• What to work on
Only text lines belong in the answer: the lines from the first one in the records through the line with "Rys. 1. Regiony", copied exactly.

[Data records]
──────────
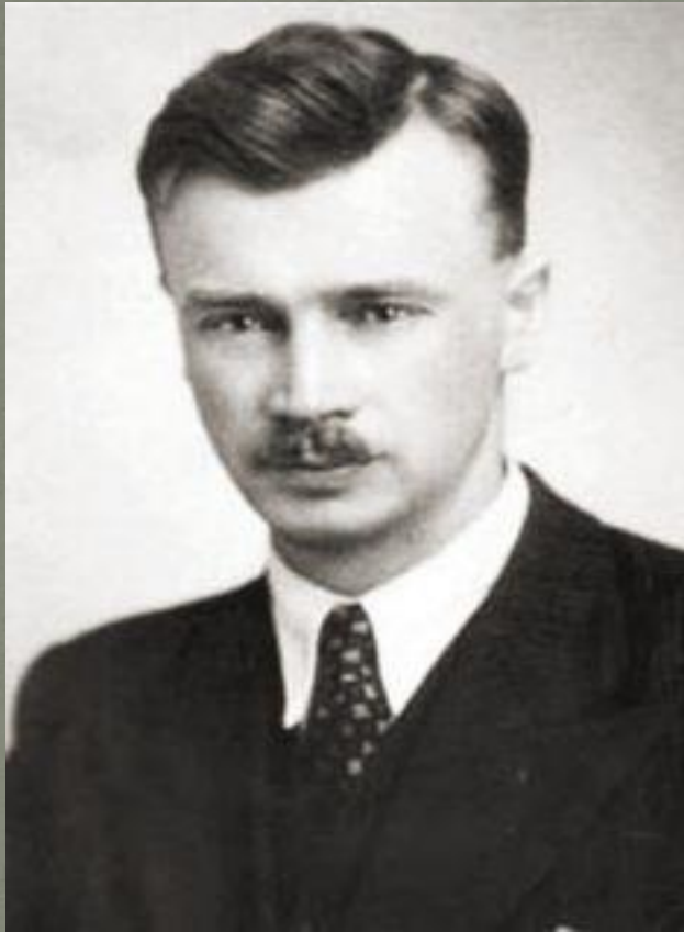
Олег Ольжич (Кандиба)
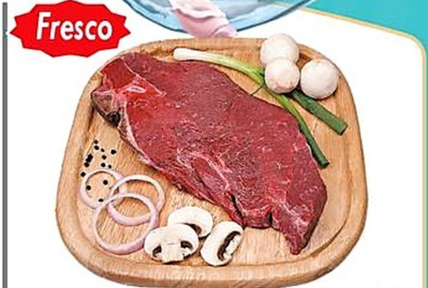
California Steak De Res Puerto Rico Reg. 4.99 lb.
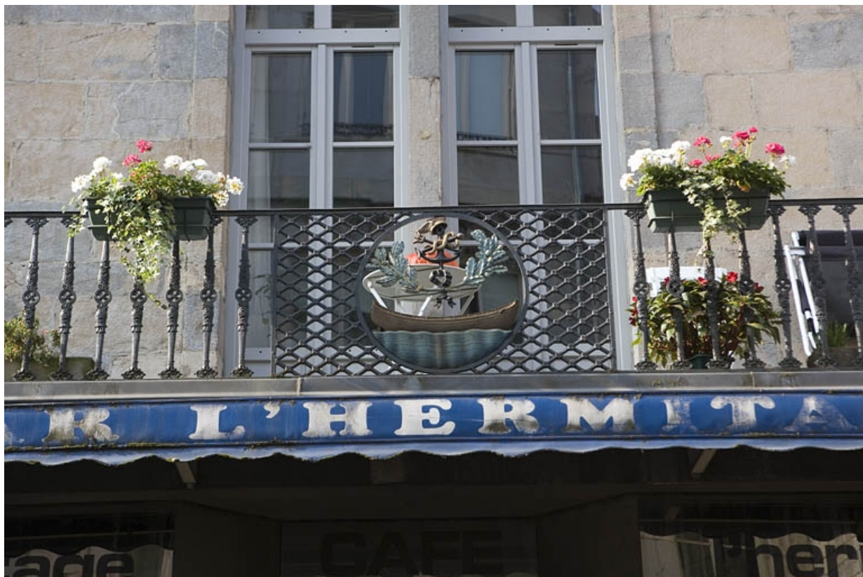
Détail du balcon sur la partie centrale de la façade sur rue, de face.

25, Besançon Grande Rue 132, 130, 128, lieudit : îlot Ronchaux
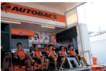
ARTA主要スタッフとドライバーが出演してトークショーが行われた オートバックスブース
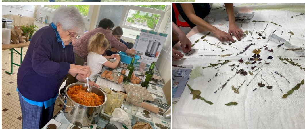
Résidence Alambic (2020-2022)
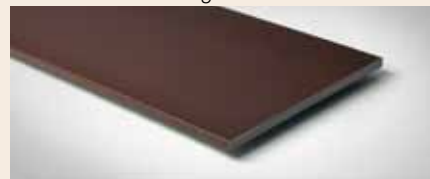
Best.-Nr. 170M Terra
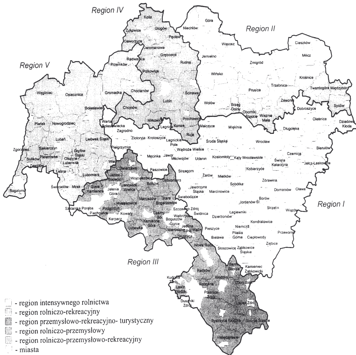
Rys. 1. Regiony funkcjonalne obszarów wiejskich Dolnego Śląska
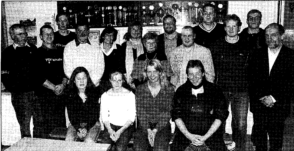
Die geehrten und ausgezeichneten Mitglieder im TSV Lensahn.

Lensahn. Schon die Sportlerehrung im Januar hat gezeigt, dass der TSV Lensahn mit seinen aktuell 958 Mitgliedern auf sportliche Erfolge bauen kann. Trotz einiger Wünsche seitens des Vorstandes und der Mitglieder, scheint die Welt doch in Ordnung zu sein. Zumal sich für eines der größten Probleme in den letzten Jahren endlich eine Lösung abzeichnet. Wie Bürgermeister Volker Bäuerle mitteilte, soll die Umwandlung des Grandplatzes in einen Kunstrasen 2007 abgeschlossen sein und die neue Anlage mit einem Eröffnungsspiel eingeweiht werden. Die Möglichkeit, neue Fördergelder anzuzapfen, hat den Bau bislang verzögert. Ein weiteres, leidiges Thema sind die knappen Hallenzeiten, mit denen insbesondere die Handballsparte zu kämpfen hat. Auch hier wird weiter nach Lösungen gesucht.
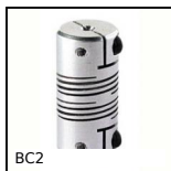
BC2 Panamech Multi- Beam, Aluminium - avec mâchoires de serrage
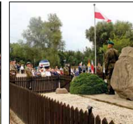
Uroczystości w Borkowie upamiętniające 100-lecie Bitwy nad Wkrą
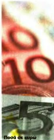
Ποσά σε ευρώ

Ο νόμος που ψηφίστηκε ορίζει ότι οι αλλαγές στη μηνιαία παρακράτηση της ειδικής εισφοράς αλληλεγγύης θα πρέπει να εφαρμοστούν από την έναρξη ισχύος των νέων διατάξεων. Επειδή είναι σύνθηρες σε τέτοιες περιπτώσεις
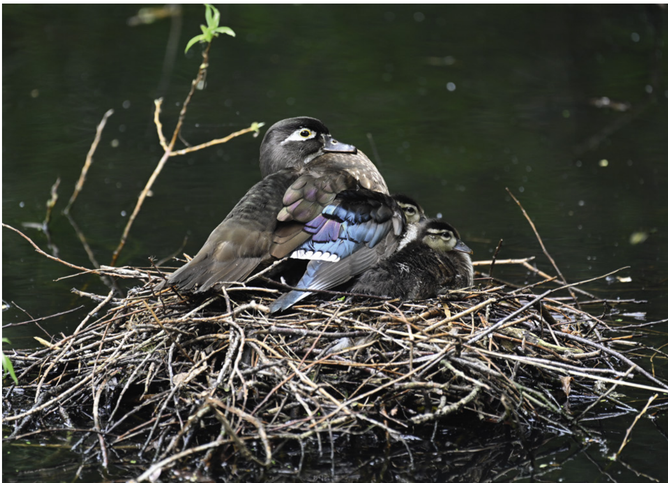
Zweiter Brutnachweis der Brautente Aix sponsa in der Stadt Hannover, 01.06.2023, Annateich.
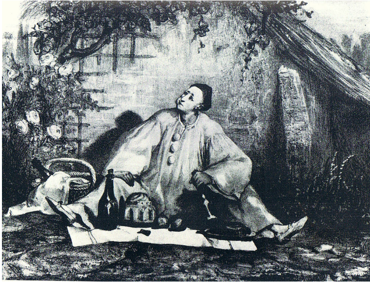
Figure 6 : Auguste Bouquet, Le Repas de Pierrot (Jean-Gaspard Deburau en Pierrot gourmand), v.1830.

pierrots, l'incarnation du personnage sur scène 11 .
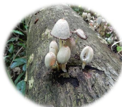
Coprinus sp. Sahangnan (Gban)
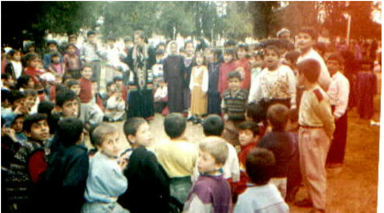
Rewşen Hewlerli çocuklarla
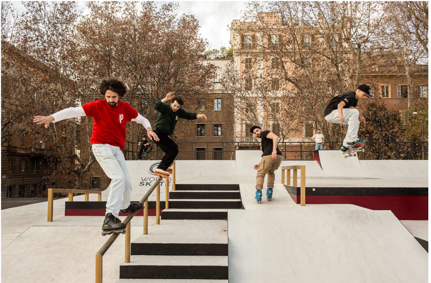
A state-of-the-art park built for a competition last year was left behind for Romans to enjoy.
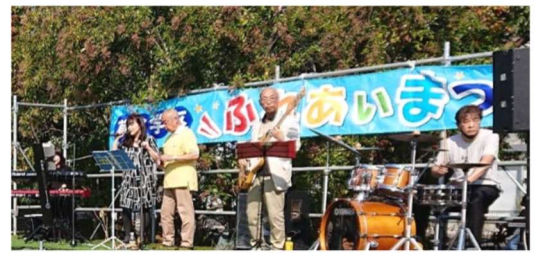
草津プレイボーズ
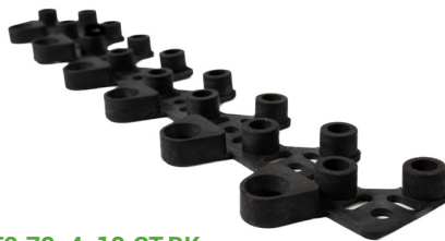
MT2.78x4x18.CT.BK Anti-Fatigue Drainage Mat to MT2 Tile Connector
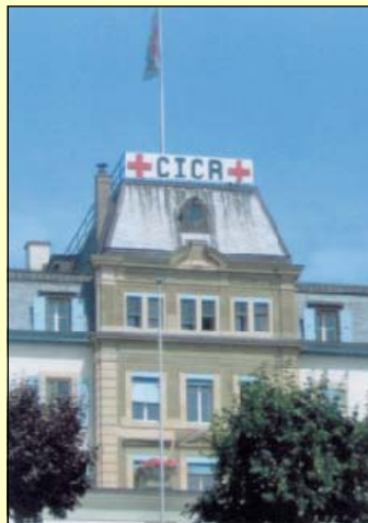
Sídlo MV ČK v Ženevě

Ve dnech 20. - 22. června 2006 se v Ženevě uskutečnila mimořádná XXIX. Mezinárodní konference Červeného kříže a Červeného půlměsíce (MK ČK a ČP) za účasti delegací 178 národních společností ČK a ČP, 148 vlád, Mezinárodního výboru ČK a Mezinárodní federace ČK a ČP. Původně se XXIX. MK ČK a ČP měla konat v roce 2007, tedy obvyklé čtyři roky po poslední konferenci, která proběhla v Ženevě v roce 2003.
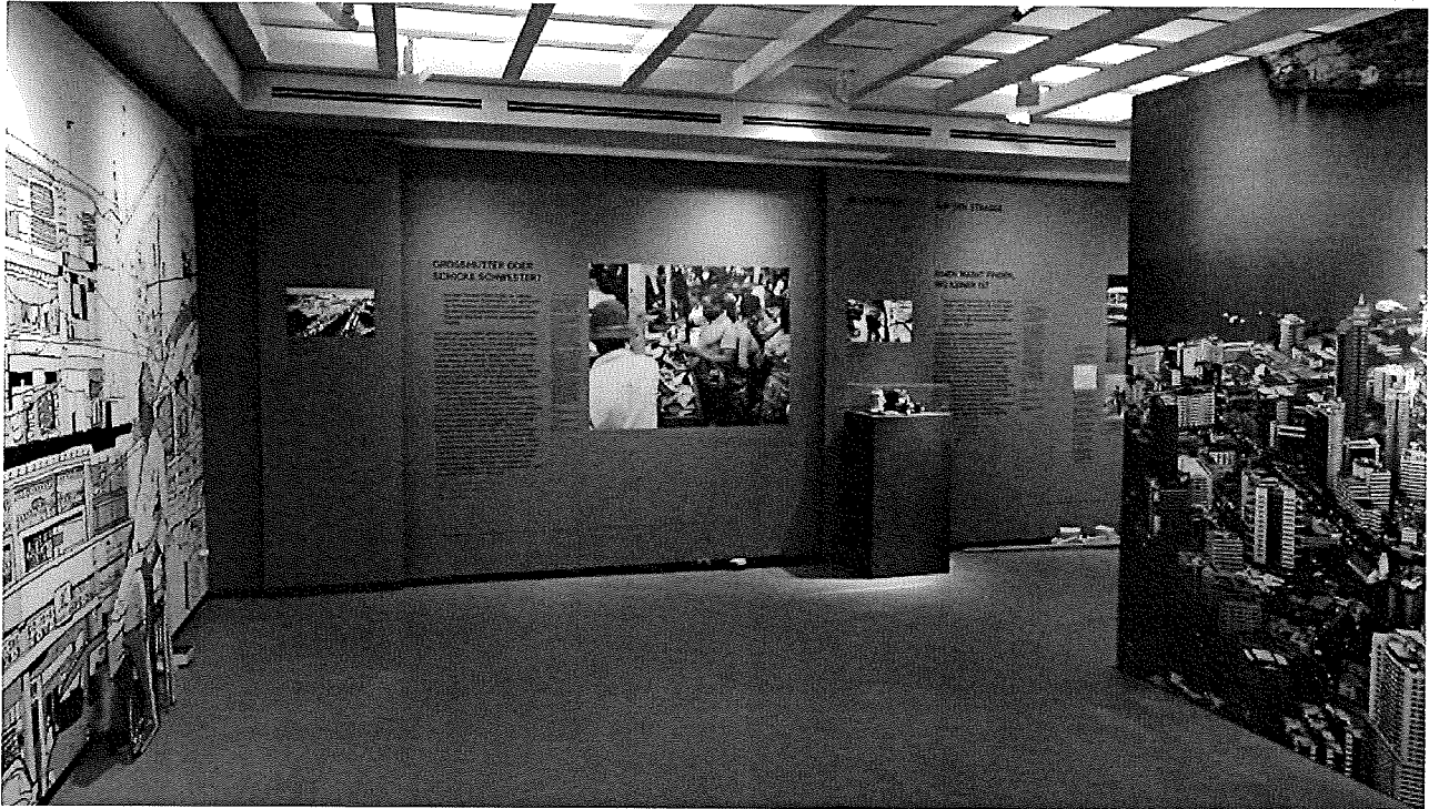
Blick in die neue Ausstellung «Von alten Schuhen leben» des Völkerkundemuseums der Universität Zürich.
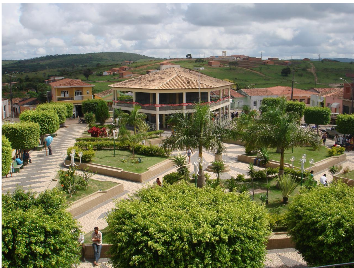
Figura 1 Vista da Praça Juracy Magalhães

Baseado nas necessidades específicas das pessoas com deficiência visual, toda área de circulação oferece grande risco a esse público como podemos ver na figura 1.
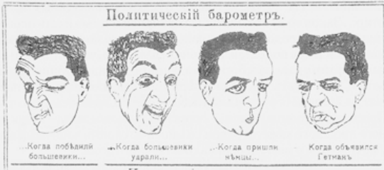
Карикатура из одесского юмористического еженедельника журнала «Буржуй». №7, май 1918 года. Политический барометр. Выражения лица одессита, когда победили большевики, удрали большевики, пришли немцы, объявился гетман

В «Белой гвардии» украинский язык звучит в основном в связи с наступающими на Город силами Петлюры. На украинский переходят герои, пытающиеся уцелеть при столкновении с ними, – так делает, к примеру, Василиса в эпизоде ограбления («Я, собственно, мирный житель... не знаю, почему же ко мне? У меня – ничего, – Василиса мучительно хотел сказать по-украински и сказал, – нема») или еврей Фельдман перед смертью («Я, панове, мирный житель. Жинка родит. Мне до бабки треба»). Герои, желающие устро-
──────────
• Answer below
Олег Ольжич (Кандиба)
California Steak De Res Puerto Rico Reg. 4.99 lb.
Détail du balcon sur la partie centrale de la façade sur rue, de face.

25, Besançon Grande Rue 132, 130, 128, lieudit : îlot Ronchaux
ARTA主要スタッフとドライバーが出演してトークショーが行われた オートバックスブース
Résidence Alambic (2020-2022)
Best.-Nr. 170M Terra
Rys. 1. Regiony funkcjonalne obszarów wiejskich Dolnego Śląska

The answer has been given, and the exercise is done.